Mr Norris is suing RTÉ and Ms Burke, claiming he was defamed in the broadcast.
RTÉ denies libel and says the words complained of meant, among other things, the senator was in favour of incest and of underage sex.
The Liveline interview arose out of an interview Ms Burke did with the senator in January 2002 for Magill magazine.
RTÉ argues Mr Norris endorsed Ms Burke’s article prior to publication and never challenged it at the time.
Very wide limits
It also says he favoured people being allowed to make any choice of sexual activity they liked within very wide limits, guided by the principle of mutual consent with a bar only on intimidation, bullying or bribery.
Mr Norris claims the words used meant, among other things, that he held evil beliefs and was unfit to be president or to hold public office.
He also says views were falsely attributed to him in the May 2011 broadcast which he never held or expressed. The quoted material was false and a deliberate distortion of what he actually said in his 2002 interview with Ms Burke, he says.
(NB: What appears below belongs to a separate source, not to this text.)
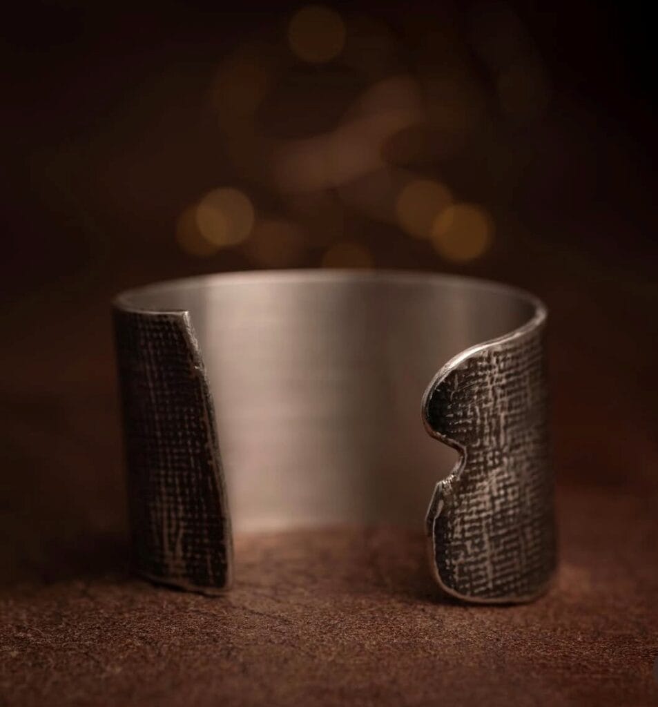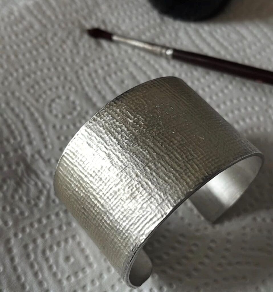 29/03/2026Armband breedGezwartLiefdeLinnenstructuurOrganischZilverZilver bewerkt “Zilveren armband met linnenstructuur” Omgesmolten zilver In een nieuw jasje. share

Ms Burke, who according to the judge hearing the application for document disclosure was ill and may not be able to give evidence in the case, was previously refused a court order seeking disclosure of the same documentation. She also denies he was defamed.
The material relates to representations Mr Norris made in 1997 to the Israeli and/or Irish authorities and/or politicians for or on behalf of the senator's former partner, Ezra Yizhak Nawi, who had been convicted in 1992 for statutory rape of a 15-year-old boy.
Fairytale of Kathmandu
A second category of documents relates to his support for poet Cathal Ó Searcaigh, who had been subject of a TV documentary called Fairytale of Kathmandu which detailed the poet's relationship with Nepalese teenage boys.
Mr Norris opposed the discovery application on grounds of delay and because the documents were not necessary for the RTÉ case.
Ms Justice Marie Baker, in refusing the application, said there was no culpable delay.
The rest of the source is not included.